What are you hacking off? Is it my torso?! ‚It is!’ My precious torso!

What are you hacking off? Is it my torso?! ‚It is!’ My precious torso!

Oh yeah, good luck with that. Nay, I respect and admire Harold Zoid too much to beat him to death with his own Oscar. Who said that? SURE you can die! You want to die?! There, now he’s trapped in a book I wrote: a crummy world of plot holes and spelling errors!

Leela, are you alright? You got wanged on the head. Look, last night was a mistake. Why did you bring us here? But, like most politicians, he promised more than he could deliver. This opera’s as lousy as it is brilliant! Your lyrics lack subtlety. You can’t just have your characters announce how they feel. That makes me feel angry!

Dr. Zoidberg, that doesn’t make sense. But, okay!

Pansy. Incidentally, you have a dime up your nose. Ah, yes! John Quincy Adding Machine. He struck a chord with the voters when he pledged not to go on a killing spree. Eeeee! Now say „nuclear wessels”!

  1. You lived before you met me?!
  2. And I’d do it again! And perhaps a third time! But that would be it.
  3. Well, let’s just dump it in the sewer and say we delivered it.

Moving along…

Yep, I remember. They came in last at the Olympics, then retired to promote alcoholic beverages!
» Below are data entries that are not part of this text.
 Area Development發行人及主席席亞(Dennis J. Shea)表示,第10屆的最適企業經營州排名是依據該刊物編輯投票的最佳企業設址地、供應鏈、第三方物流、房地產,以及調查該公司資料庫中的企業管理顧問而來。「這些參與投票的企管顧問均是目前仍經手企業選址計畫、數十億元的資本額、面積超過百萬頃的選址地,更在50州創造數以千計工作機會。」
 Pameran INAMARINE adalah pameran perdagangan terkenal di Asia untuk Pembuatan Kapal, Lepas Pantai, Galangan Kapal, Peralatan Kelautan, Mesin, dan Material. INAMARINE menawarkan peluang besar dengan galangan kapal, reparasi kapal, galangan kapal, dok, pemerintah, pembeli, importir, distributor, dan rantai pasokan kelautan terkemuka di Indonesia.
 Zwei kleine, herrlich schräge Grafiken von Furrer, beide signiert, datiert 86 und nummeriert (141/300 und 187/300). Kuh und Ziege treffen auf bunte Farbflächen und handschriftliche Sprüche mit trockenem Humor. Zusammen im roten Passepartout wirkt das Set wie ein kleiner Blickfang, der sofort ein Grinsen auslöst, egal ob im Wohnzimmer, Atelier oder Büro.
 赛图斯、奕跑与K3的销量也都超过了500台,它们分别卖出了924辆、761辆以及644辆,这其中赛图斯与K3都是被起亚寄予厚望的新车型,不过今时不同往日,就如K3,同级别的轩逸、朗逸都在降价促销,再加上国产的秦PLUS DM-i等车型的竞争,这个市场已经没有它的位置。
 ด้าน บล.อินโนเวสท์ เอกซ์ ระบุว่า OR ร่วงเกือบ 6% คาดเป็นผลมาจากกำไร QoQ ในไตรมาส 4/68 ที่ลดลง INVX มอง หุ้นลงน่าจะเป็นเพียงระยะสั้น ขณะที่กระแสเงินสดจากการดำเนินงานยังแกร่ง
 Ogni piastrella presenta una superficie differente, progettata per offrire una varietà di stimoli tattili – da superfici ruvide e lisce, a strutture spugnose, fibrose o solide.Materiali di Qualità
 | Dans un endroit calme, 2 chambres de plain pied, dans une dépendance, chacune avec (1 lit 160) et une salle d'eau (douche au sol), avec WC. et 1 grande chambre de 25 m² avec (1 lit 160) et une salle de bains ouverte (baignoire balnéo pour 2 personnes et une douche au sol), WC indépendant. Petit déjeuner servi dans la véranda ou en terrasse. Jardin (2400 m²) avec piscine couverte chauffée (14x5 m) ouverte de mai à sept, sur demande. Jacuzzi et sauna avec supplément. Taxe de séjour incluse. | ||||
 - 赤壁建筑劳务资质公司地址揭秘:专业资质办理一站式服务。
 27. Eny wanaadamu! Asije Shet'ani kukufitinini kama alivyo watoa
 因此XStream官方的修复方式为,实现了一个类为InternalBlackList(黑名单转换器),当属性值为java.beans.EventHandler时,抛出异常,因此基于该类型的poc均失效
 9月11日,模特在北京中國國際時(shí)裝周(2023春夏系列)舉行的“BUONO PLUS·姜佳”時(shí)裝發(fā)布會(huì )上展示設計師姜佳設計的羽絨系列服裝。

Leela, Bender, we’re going grave robbing. Oh, how I wish I could believe or understand that! There’s only one reasonable course of action now: kill Flexo!

  • And I’m his friend Jesus.
  • Look, everyone wants to be like Germany, but do we really have the pure strength of ‚will’?
  • And remember, don’t do anything that affects anything, unless it turns out you were supposed to, in which case, for the love of God, don’t not do it!

I found what I need. And it’s not friends, it’s things. If rubbin’ frozen dirt in your crotch is wrong, hey I don’t wanna be right. Doomsday device? Ah, now the ball’s in Farnsworth’s court! You’ll have all the Slurm you can drink when you’re partying with Slurms McKenzie!

Are you crazy? I can’t swallow that. I found what I need. And it’s not friends, it’s things. Oh God, what have I done? No! The kind with looting and maybe starting a few fires! Oh, how awful. Did he at least die painlessly? …To shreds, you say. Well, how is his wife holding up? …To shreds, you say.

I was all of history’s great robot actors – Acting Unit 0.8; Thespomat; David Duchovny! I suppose I could part with ‚one’ and still be feared… Bender?! You stole the atom. When will that be?

Why would a robot need to drink? I’ve got to find a way to escape the horrible ravages of youth. Suddenly, I’m going to the bathroom like clockwork, every three hours. And those jerks at Social Security stopped sending me checks. Now ‚I” have to pay ”them’!

Morbo can’t understand his teleprompter because he forgot how you say that letter that’s shaped like a man wearing a hat. You won’t have time for sleeping, soldier, not with all the bed making you’ll be doing.

It’s a T. It goes „tuh”. Leela, are you alright? You got wanged on the head. No, just a regular mistake. Okay, it’s 500 dollars, you have no choice of carrier, the battery can’t hold the charge and the reception isn’t very…

Okay, it’s 500 dollars, you have no choice of carrier, the battery can’t hold the charge and the reception isn’t very… We’ll go deliver this crate like professionals, and then we’ll go home. Um, is this the boring, peaceful kind of taking to the streets?

No! The cat shelter’s on to me. Enough about your promiscuous mother, Hermes! We have bigger problems. Yes. You gave me a dollar and some candy. Morbo will now introduce tonight’s candidates… PUNY HUMAN NUMBER ONE, PUNY HUMAN NUMBER TWO, and Morbo’s good friend, Richard Nixon.

How much did you make me? Switzerland is small and neutral! We are more like Germany, ambitious and misunderstood! Guess again. No! Don’t jump! Why, those are the Grunka-Lunkas! They work here in the Slurm factory.

I guess if you want children beaten, you have to do it yourself. Look, everyone wants to be like Germany, but do we really have the pure strength of ‚will’? Eeeee! Now say „nuclear wessels”! Oh dear! She’s stuck in an infinite loop, and he’s an idiot! Well, that’s love for you.

Son, as your lawyer, I declare y’all are in a 12-piece bucket o’ trouble. But I done struck you a deal: Five hours of community service cleanin’ up that ol’ mess you caused. I found what I need. And it’s not friends, it’s things.